9. How the Ground Truth for the Training Set Was Established

Not applicable, as there is no mention of a training set for a new AI algorithm.

Summary of the Study and Why it Meets (Implied) Acceptance Criteria:

The study detailed in this 510(k) submission is not a clinical performance study generating new acceptance criteria or performance data for the analytes measured. Instead, it is a Special 510(k) submission designed to demonstrate that hardware and software updates to the epoc Host component of the epoc® Blood Analysis System do not alter the safety or effectiveness of the device and thus maintain substantial equivalence to the previously cleared predicate device.

The "study" or evidence provided to meet acceptance criteria consists of:

• Verification and Validation Activities: "All software, hardware and usability verification and validation activities were performed in accordance to relevant standards, established plans and protocols and Design Control procedures."
• Meeting Acceptance Criteria: "Testing verified all acceptance criteria were met." (These are acceptance criteria related to software, hardware function, and usability for the new host component, ensuring it performs its intended role without impacting the core analytical performance).
• Risk Management: A risk management process compliant with EN ISO 14971:2012 and ISO 14971:2007 was performed, concluding that "the overall residual risk of the epoc System with the epoc NXS host is acceptable."
• Cybersecurity Information: Cybersecurity design inputs were established, risks assessed, and controls designed within the software.

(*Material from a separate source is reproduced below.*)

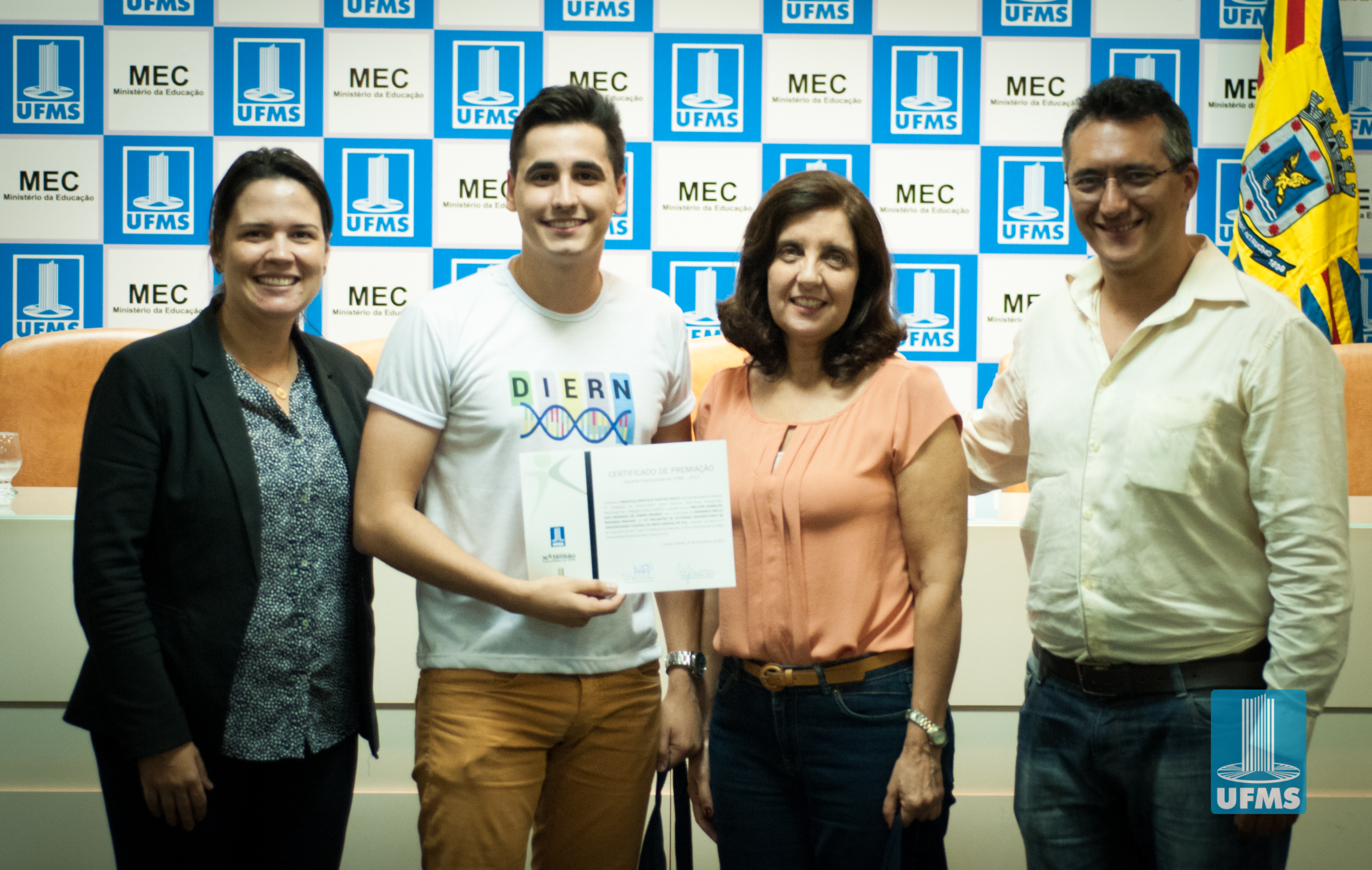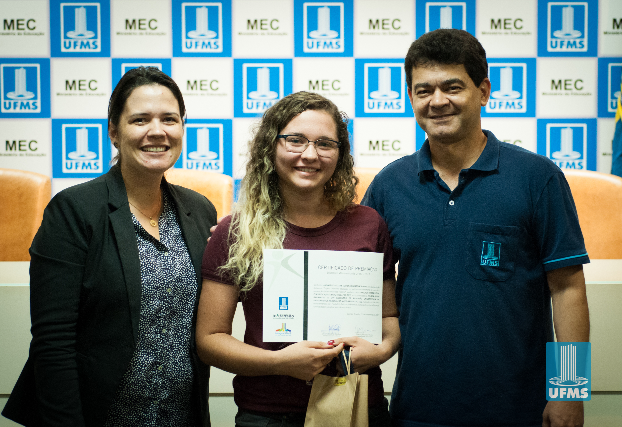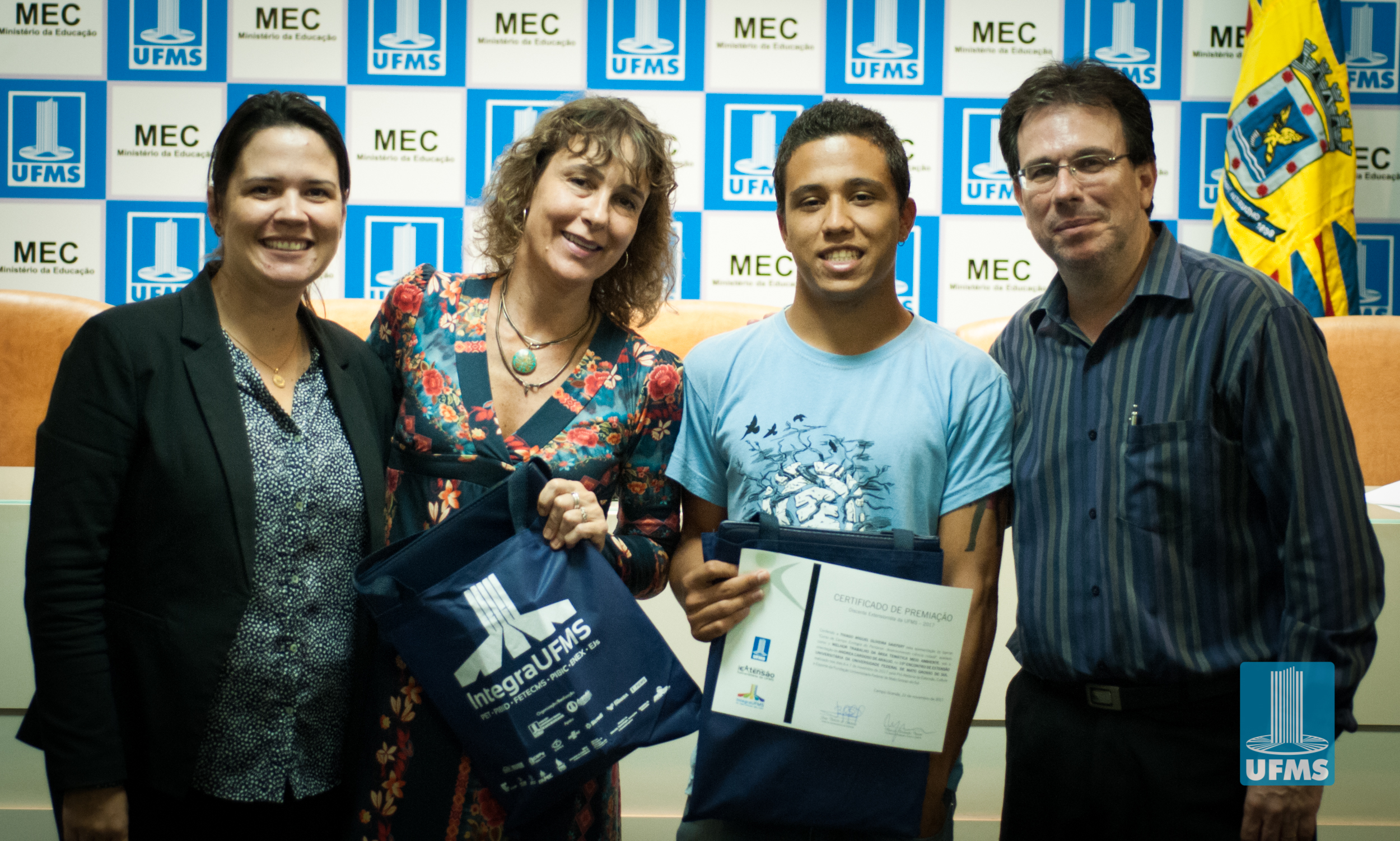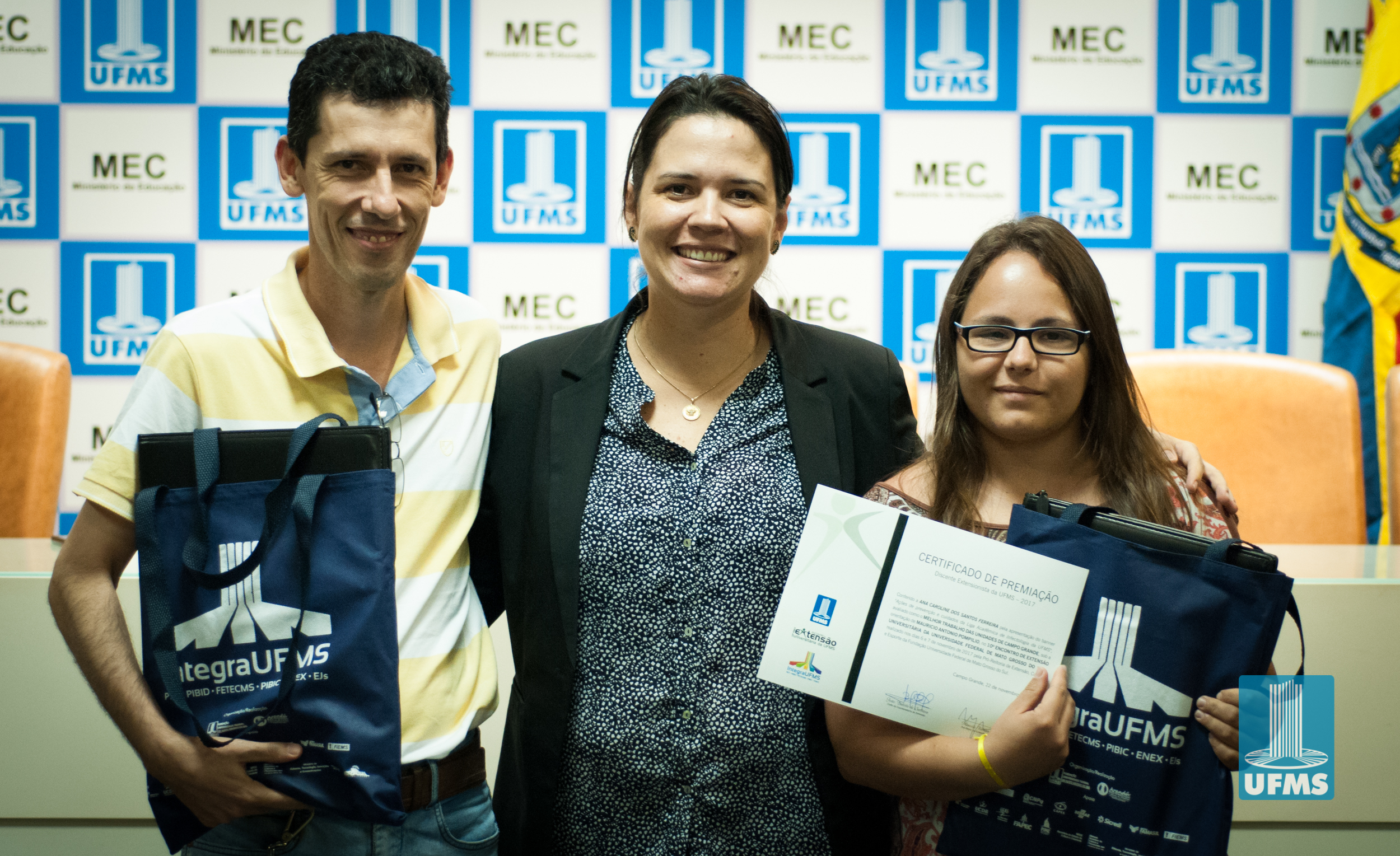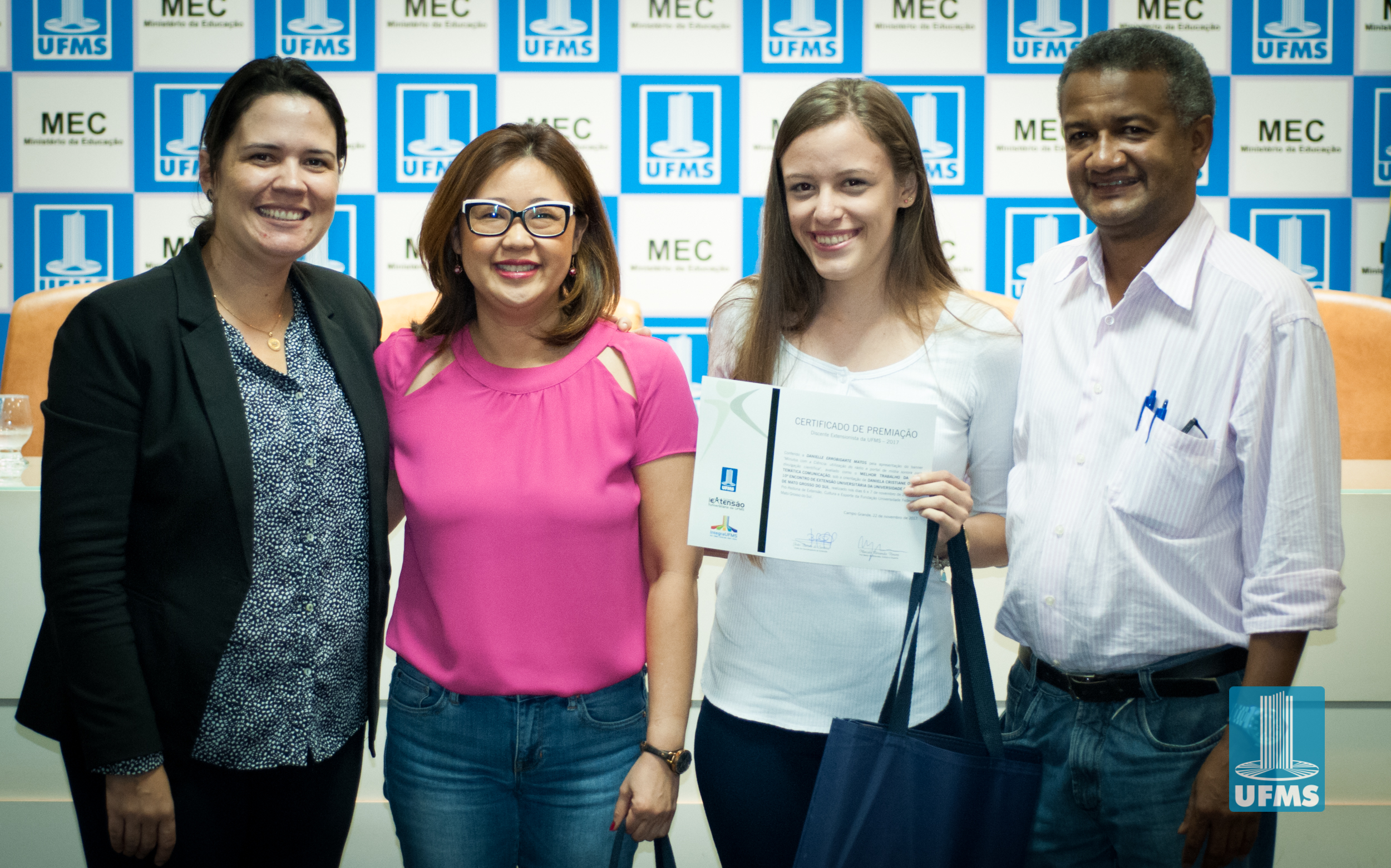 Com o intuito de incentivar o desenvolvimento de ações de extensão universitária, a Pró-Reitoria de Extensão, Cultura e Esporte (PROECE) entregou na tarde de hoje, em cerimônia na Sala de Atos da Reitoria, Certificados do “Prêmio Discente Extensionista da UFMS – 2017” aos discentes responsáveis pelas apresentações daqueles que foram avaliados como os melhores trabalhos na modalidade “Banner”.
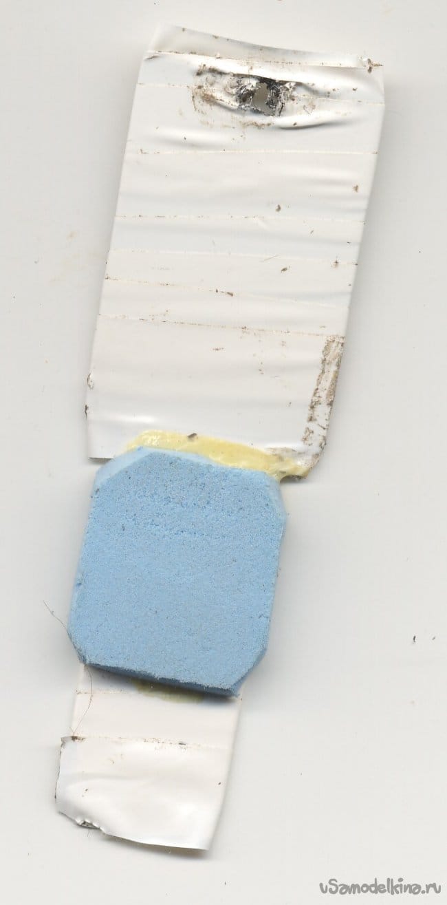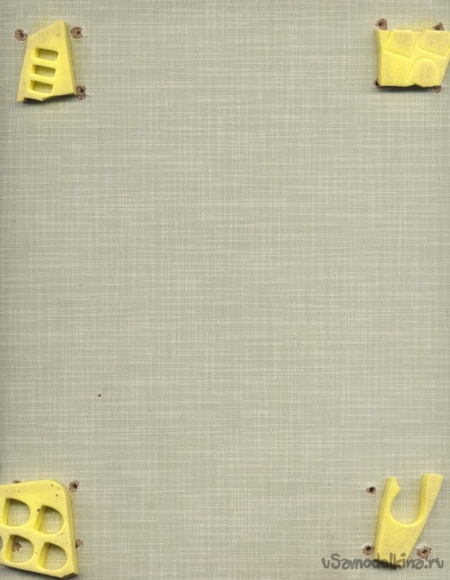 Выбор пал на прямоугольную дощечку для мебели. Я на этой дощечке раньше собирал свои самоделки. Видны четыре приклеенных амортизатора из материала упаковки китайской лазерной указки.

The core argument for meeting acceptance criteria (by proving substantial equivalence) is that:

• There is no change to the intended use or indications for use.
• There is no change to the fundamental scientific technology (the epoc Reader and Test Card, which contain the sensors, remain unchanged).
• There is no change to labeled performance claims.
• There is no change to the principle of operation.
• There is no change to cartridge (test card) calibrator formulation and technology.

Therefore, the "acceptance criteria" here are implicitly that the new epoc NXS Host component, through its verification and validation, functions correctly, safely, and does not introduce new risks, thereby maintaining the established performance and safety profile of the predicate device.